Work task = Look through the data below and output, unchanged, every line from the one holding "Татуировка женская графика" through the one holding "COSTWAY TV Stand", inclusive. Skip the pictures.

Data records =
===
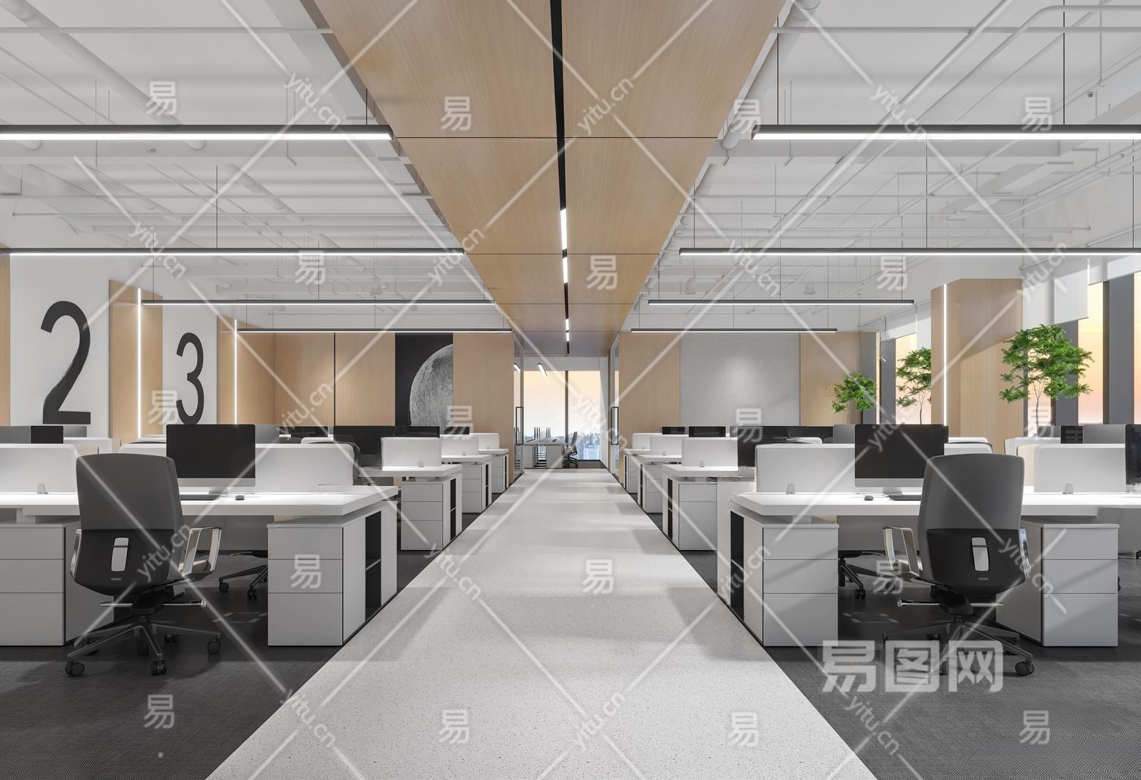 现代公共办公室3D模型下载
===
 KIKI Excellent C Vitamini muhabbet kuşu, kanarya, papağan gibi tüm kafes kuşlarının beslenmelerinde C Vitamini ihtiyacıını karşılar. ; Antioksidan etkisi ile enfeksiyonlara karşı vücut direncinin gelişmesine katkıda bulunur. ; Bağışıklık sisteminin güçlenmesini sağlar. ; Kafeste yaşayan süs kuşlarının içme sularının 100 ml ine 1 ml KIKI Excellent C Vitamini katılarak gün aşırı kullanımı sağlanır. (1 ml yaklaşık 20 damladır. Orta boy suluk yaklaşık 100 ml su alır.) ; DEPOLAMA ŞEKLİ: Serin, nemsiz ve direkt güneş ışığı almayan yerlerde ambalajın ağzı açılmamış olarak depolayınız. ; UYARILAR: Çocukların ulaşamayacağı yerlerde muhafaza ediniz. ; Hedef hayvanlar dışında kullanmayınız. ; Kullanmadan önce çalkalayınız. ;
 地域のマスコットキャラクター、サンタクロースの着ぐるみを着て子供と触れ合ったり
===
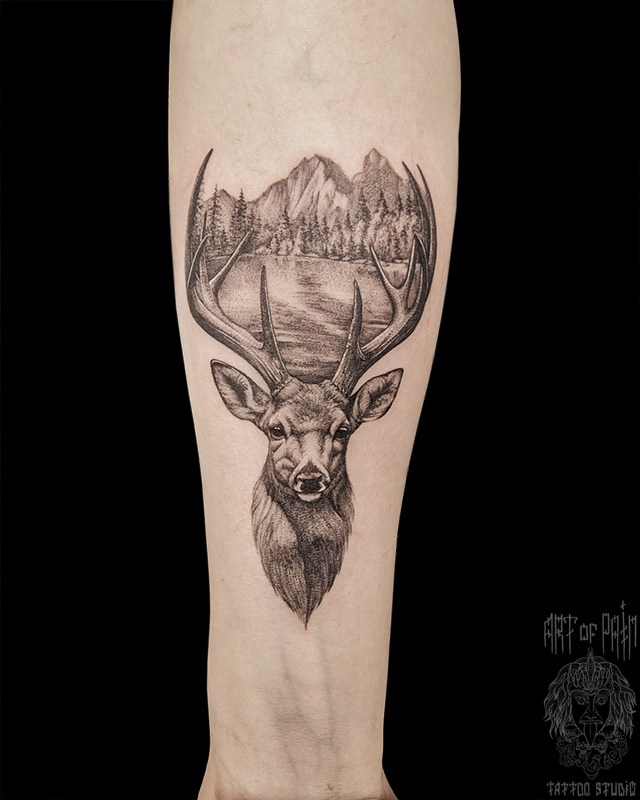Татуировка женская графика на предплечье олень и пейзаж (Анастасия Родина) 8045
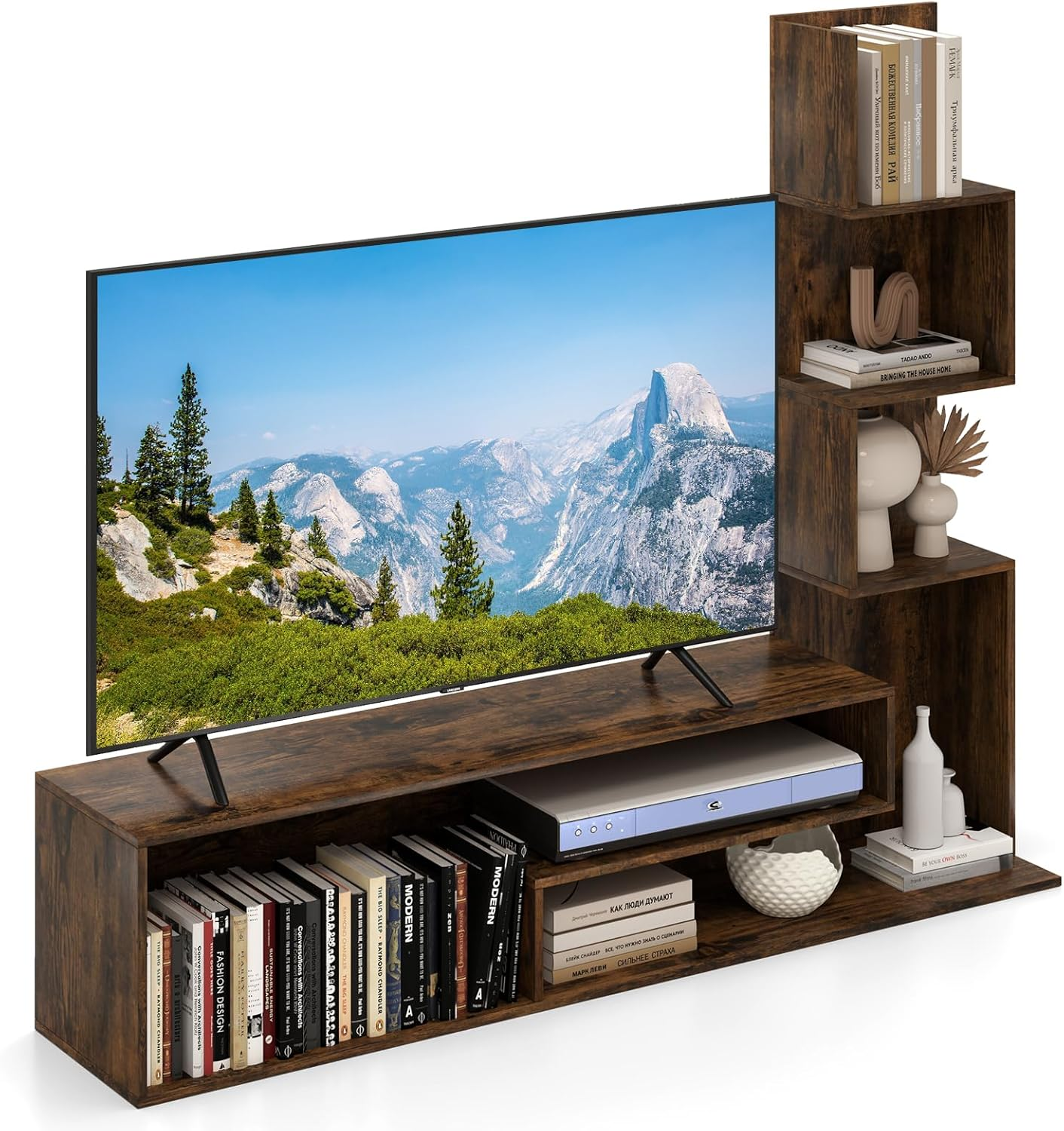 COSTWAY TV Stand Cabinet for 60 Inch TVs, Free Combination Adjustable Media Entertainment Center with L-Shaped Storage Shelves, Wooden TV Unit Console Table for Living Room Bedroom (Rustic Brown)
===
Written answer =
Татуировка женская графика на предплечье олень и пейзаж (Анастасия Родина) 8045
 COSTWAY TV Stand Cabinet for 60 Inch TVs, Free Combination Adjustable Media Entertainment Center with L-Shaped Storage Shelves, Wooden TV Unit Console Table for Living Room Bedroom (Rustic Brown)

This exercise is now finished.